Maybe you didn’t quite understand me. I meant that the problem with ssl certificates is even more interesting than it seems.
For example, if I register for cloudflare and pay a $10 tariff, my certificate will be visible to everyone as an outsider. And if I pay $200, I can download any certificate, but the private key is still on cloudflare. And I can order private DNS. How carefully you examine the site before visiting it.
Cloudflare is a private company. I know they are offering tons of bells and whistles, and they keep adding to their portfolio on a regular basis. To much to keep up for me anyways.
But the features you seem to be reffering to is their feature to upload your own certs and keys, and the feature for keyless ssl?
I never used these features, but i looked them up for a discussion i had a long time ago, so i'm aware of their technicality's. If i remember correctly (i didn't re-read the whitepaper, this stuff comes from memory) the first feature gives cloudflare all the tools to generate symmetric keys themselves, the other just gives them only the symmetric keys (and you host some kind of service on your host to let them request a new symmetric key).
These service *might* look "better" to the untrained eye, but in fact they are worse: when you use them you're even hiding the fact that cloudflare acts as a MITM (but they still are!!!). When you use these services, your customers will never know cloudflare can (and will!!!) decrypt every package they exchange.
The bottom line is very, very simple and does not differ from which package you buy or which technology they implement: their proxy REQUIRES them to decrypt the traffic between (what the visitor thinks is) the visitor and the webhost.

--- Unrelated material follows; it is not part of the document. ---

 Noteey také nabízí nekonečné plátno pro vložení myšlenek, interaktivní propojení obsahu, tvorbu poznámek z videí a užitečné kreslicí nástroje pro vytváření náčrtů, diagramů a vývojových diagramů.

Why? Well, you know those nice features they offer: DDos protection and their CDN? Both these things are built on the fact that they keep a big cache of DECRYPTED data from YOUR host on their datacenters. When a client requests a page, they HAVE to be able to see what the client requested (so they HAVE to decrypt the request), then they can see if they have the requested data somewhere on their servers (UNENCRYPTED). When they don't have the data in their cache, they WANT the data in their cache, so they request it from the host, DECRYPT it, and PUT it in their cache before (or after) re-encrypting it and sending it to your client.
That's why they're able to offer DDos protection: your data is on so many geo-located servers, and they're so big, an attacker just can't muster up a botnet that's so big he/she can tear down cloudflare. They'r still DDos'ing, cloudflare does not stop them, cloudflare just absorbs the requests... Maybe they block them after a while, IDK, but in the first place they just absorb them due to the fact they have your data anyways, and they have dozens of copy's of your data all around the world, so let a botnet request a couple million of copy's: they don't care.

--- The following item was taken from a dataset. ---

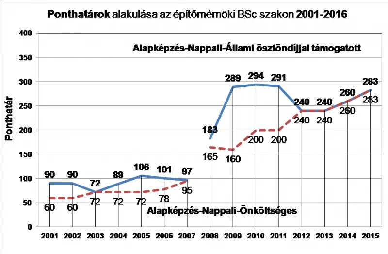 | A Debreceni Egyetemen folyó építőmérnök képzés ponthatárainak alakulása | Az Építőmérnöki Tanszék által gesztorált jelenleg futó szakok aktív hallgatói létszámai |
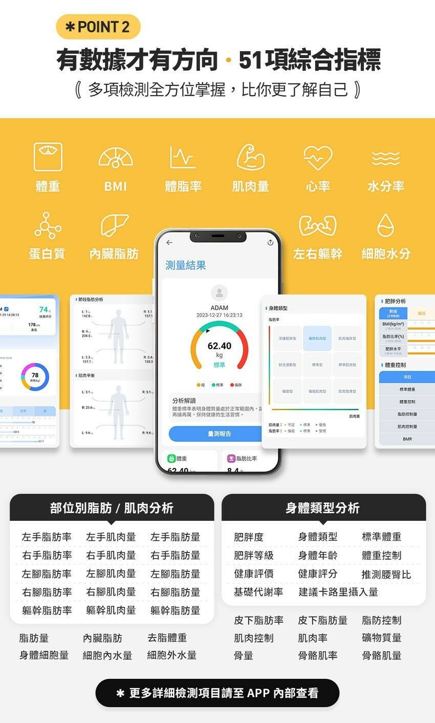 ● 51 項綜合指標檢測,提供數據解釋及專屬建議

That's why they can speed up your site: they have copy's of most of your content all over the world on fast servers: a client downloads most of your content directly from cloudflare (and not from you), from a fast server close-by.
And in the end it doesn't matter if you use cloudflare's SSL, you upload your cert+key or you run "keyless ssl" by running a local deamon to generate symmetric keys.... If you use the proxy, they have your data.... Which is bad for a mixer.